Challenges to Providing Affordable Housing

One of the greatest hurdles that faces the housing industry (and likely one of the direct causes of the housing crisis), is the entitlements process. In my experience, the political will of the jurisdiction will tend to drive everything when it comes to any kind of expedited process. Jurisdictions that are desperate to provide housing will of course be welcoming and claim they will assist, though to be honest, I haven’t seen a dramatic difference in entitlements duration in those cases. These processes are so deeply embedded in their way of doing things that it’s difficult to see real impact to the schedule.

Then, on the other end of the spectrum, we’ve seen jurisdictions actually not support workforce housing at all and throw up additional barriers for the project or impose the most stringent of interpretations of their code despite precedent projects, which can result in endless resubmittals. It’s unfortunate, but real. In most cases, these are places to simply avoid unless you enjoy the struggle.

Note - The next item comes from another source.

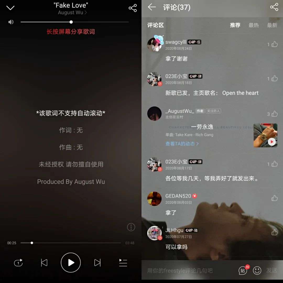 最后,由于网易云提供了歌曲下载服务,虽然在法律上不被允许,但依旧存在着大量Beat未经允许被滥用的情况。比如下图这首《Fake love》,歌词栏中明显标注了“未经授权,请勿擅自使用”,依旧有不少评论说“拿了”“已发《XXX》”,构成了明显侵权。

The smoothest projects seem to be those where the developer either has someone on staff or hires a consultant to politically coordinate with the powers that be in order to generate strong support from the top down, then coupled with an “expediter” who essentially serves as the persistent squeaky wheel with the government agencies to elicit prompt action on submittals and approvals from the bottom up. It takes pressure on both ends to see improvements to the schedule.

One thing is for certain, there seems to be no consistent standard for the approvals processes from one jurisdiction to the next, which makes it very challenging to provide housing at scale across a region in the same predictable, repeatable way. I’ve proposed the idea of trying to solve this at the state level with some sort of legislation or state statute that could clear the flight path for affordability by creating something like a state standard process. That’s a long range goal of course, and probably one to be taken on by one of our professional organizations like ULI, HBA, or AIA that have the power of an industry behind them (and money and lawyers too).